## AIM OF THE EXERCISE
Faithfully repeat each entry below, minus the pictures.

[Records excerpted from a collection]
# # # #
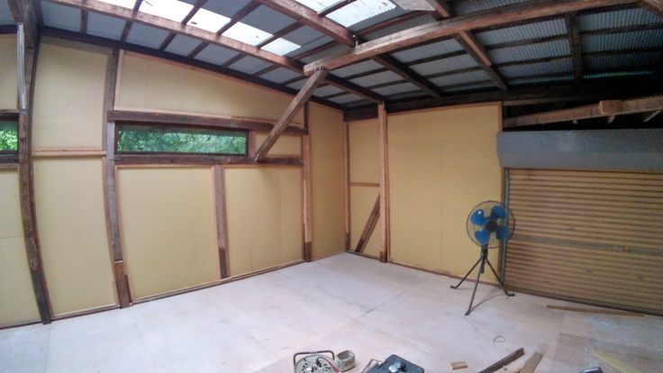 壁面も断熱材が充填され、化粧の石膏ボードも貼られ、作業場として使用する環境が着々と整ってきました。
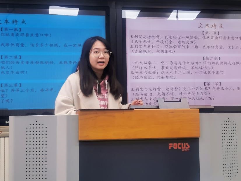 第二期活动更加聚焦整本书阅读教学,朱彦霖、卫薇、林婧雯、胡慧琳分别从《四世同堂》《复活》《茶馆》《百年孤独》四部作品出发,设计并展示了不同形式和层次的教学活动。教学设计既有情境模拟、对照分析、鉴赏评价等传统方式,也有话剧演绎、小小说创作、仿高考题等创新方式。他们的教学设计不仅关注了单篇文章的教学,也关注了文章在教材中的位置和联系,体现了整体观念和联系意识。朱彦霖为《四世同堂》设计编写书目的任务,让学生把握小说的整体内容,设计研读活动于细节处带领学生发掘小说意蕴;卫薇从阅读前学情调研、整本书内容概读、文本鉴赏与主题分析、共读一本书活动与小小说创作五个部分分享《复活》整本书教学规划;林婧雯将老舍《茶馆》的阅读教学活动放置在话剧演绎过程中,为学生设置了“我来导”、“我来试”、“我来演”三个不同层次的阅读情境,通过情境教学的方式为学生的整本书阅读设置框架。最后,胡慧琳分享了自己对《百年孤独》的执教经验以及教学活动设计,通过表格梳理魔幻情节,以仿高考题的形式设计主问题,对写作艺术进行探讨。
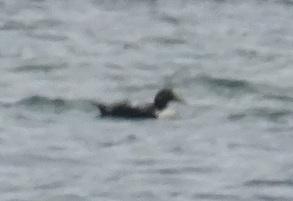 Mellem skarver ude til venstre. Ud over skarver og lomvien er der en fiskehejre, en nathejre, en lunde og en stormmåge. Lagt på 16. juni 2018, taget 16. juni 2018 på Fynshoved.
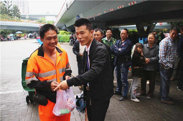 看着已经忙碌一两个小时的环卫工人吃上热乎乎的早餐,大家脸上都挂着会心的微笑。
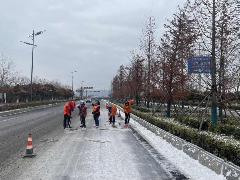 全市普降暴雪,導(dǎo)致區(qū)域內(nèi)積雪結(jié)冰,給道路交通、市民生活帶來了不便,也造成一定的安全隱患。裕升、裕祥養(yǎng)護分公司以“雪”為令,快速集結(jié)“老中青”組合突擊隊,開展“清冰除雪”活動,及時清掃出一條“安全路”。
# # # #
## ANSWER SPACE
 壁面も断熱材が充填され、化粧の石膏ボードも貼られ、作業場として使用する環境が着々と整ってきました。
 第二期活动更加聚焦整本书阅读教学,朱彦霖、卫薇、林婧雯、胡慧琳分别从《四世同堂》《复活》《茶馆》《百年孤独》四部作品出发,设计并展示了不同形式和层次的教学活动。教学设计既有情境模拟、对照分析、鉴赏评价等传统方式,也有话剧演绎、小小说创作、仿高考题等创新方式。他们的教学设计不仅关注了单篇文章的教学,也关注了文章在教材中的位置和联系,体现了整体观念和联系意识。朱彦霖为《四世同堂》设计编写书目的任务,让学生把握小说的整体内容,设计研读活动于细节处带领学生发掘小说意蕴;卫薇从阅读前学情调研、整本书内容概读、文本鉴赏与主题分析、共读一本书活动与小小说创作五个部分分享《复活》整本书教学规划;林婧雯将老舍《茶馆》的阅读教学活动放置在话剧演绎过程中,为学生设置了“我来导”、“我来试”、“我来演”三个不同层次的阅读情境,通过情境教学的方式为学生的整本书阅读设置框架。最后,胡慧琳分享了自己对《百年孤独》的执教经验以及教学活动设计,通过表格梳理魔幻情节,以仿高考题的形式设计主问题,对写作艺术进行探讨。
 Mellem skarver ude til venstre. Ud over skarver og lomvien er der en fiskehejre, en nathejre, en lunde og en stormmåge. Lagt på 16. juni 2018, taget 16. juni 2018 på Fynshoved.
 看着已经忙碌一两个小时的环卫工人吃上热乎乎的早餐,大家脸上都挂着会心的微笑。
 全市普降暴雪,導(dǎo)致區(qū)域內(nèi)積雪結(jié)冰,給道路交通、市民生活帶來了不便,也造成一定的安全隱患。裕升、裕祥養(yǎng)護分公司以“雪”為令,快速集結(jié)“老中青”組合突擊隊,開展“清冰除雪”活動,及時清掃出一條“安全路”。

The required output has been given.